What to do
Give an unaltered copy of the listing below, minus its pictures.

Data excerpt
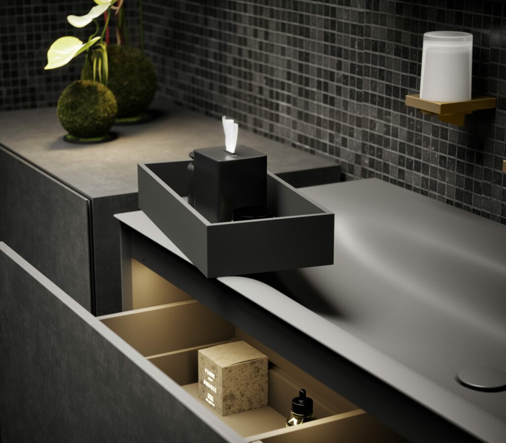 Der Innenraum der Schubläden der EDITION 11 ART ist stets in edlem Carbon-Schwarz gehalten, was eine beeindruckende Harmonie schafft. Die carbon-schwarzen Aufbewahrungsboxen fügen sich nahtlos ein, während Varianten in Furnierausführung den Look des Korpusfurniers aufgreifen. Die längs platzierten Boxen strukturieren den unteren Bereich, während quer angeordnete Boxen zusätzlichen Stauraum auf einer zweiten Ebene eröffnen. Diese Aufbewahrungslösungen sind sowohl für Waschtischunterbauten als auch für die Sideboards der Serie perfekt geeignet.
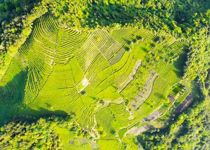 “茶圣”陆羽在其《茶经》中对茶的生长土壤如是说:“其地,上者生烂石,中者生砾壤,下者生黄土。出产“长龄1299”的茶园属世界稀有的高品质茶园基地,海拔高度1299米,该茶也因此得名。长龄1299茶园位于恩施大峡谷附近,以青山翠壑作伴,与清风云雾为侣,在烂石砾壤扎根,长期的交通不便与人为保护,使这里终年树木葱茏,云雾缭绕,加上丰厚的腐殖土与众多风化石,茶叶便自然长得汁满叶厚。
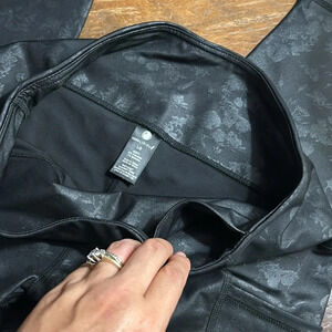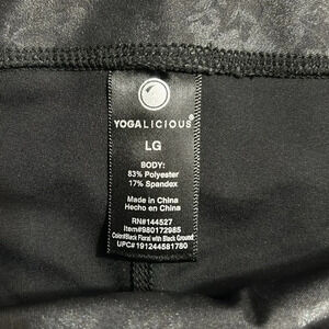 Yogalicious Black Floral, Lux High Waist Elastic Free, 2 Side Pockets, Ankle Leggings, with inside waist hidden pocket, Size L.
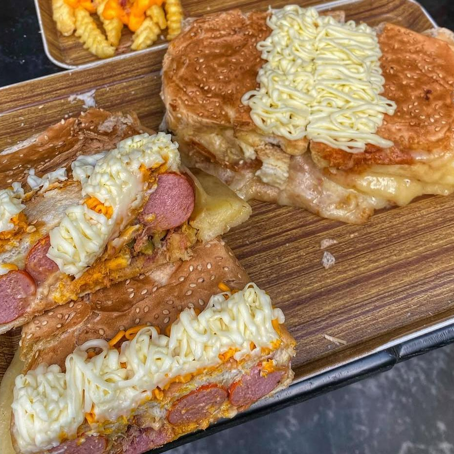 Carro chefe da casa !! Pao com parmesão. Bacon. 3 salsichas. Salame queijo Calabresa. Frango. Cheedar. Catupiry. Cream cheese. Milho. Ervilha.Maionese. Mostarda. Ketchup. Barbecue. Batata palha e purê

Answer to this problem
 Der Innenraum der Schubläden der EDITION 11 ART ist stets in edlem Carbon-Schwarz gehalten, was eine beeindruckende Harmonie schafft. Die carbon-schwarzen Aufbewahrungsboxen fügen sich nahtlos ein, während Varianten in Furnierausführung den Look des Korpusfurniers aufgreifen. Die längs platzierten Boxen strukturieren den unteren Bereich, während quer angeordnete Boxen zusätzlichen Stauraum auf einer zweiten Ebene eröffnen. Diese Aufbewahrungslösungen sind sowohl für Waschtischunterbauten als auch für die Sideboards der Serie perfekt geeignet.
 “茶圣”陆羽在其《茶经》中对茶的生长土壤如是说:“其地,上者生烂石,中者生砾壤,下者生黄土。出产“长龄1299”的茶园属世界稀有的高品质茶园基地,海拔高度1299米,该茶也因此得名。长龄1299茶园位于恩施大峡谷附近,以青山翠壑作伴,与清风云雾为侣,在烂石砾壤扎根,长期的交通不便与人为保护,使这里终年树木葱茏,云雾缭绕,加上丰厚的腐殖土与众多风化石,茶叶便自然长得汁满叶厚。
 Yogalicious Black Floral, Lux High Waist Elastic Free, 2 Side Pockets, Ankle Leggings, with inside waist hidden pocket, Size L.
 Carro chefe da casa !! Pao com parmesão. Bacon. 3 salsichas. Salame queijo Calabresa. Frango. Cheedar. Catupiry. Cream cheese. Milho. Ervilha.Maionese. Mostarda. Ketchup. Barbecue. Batata palha e purê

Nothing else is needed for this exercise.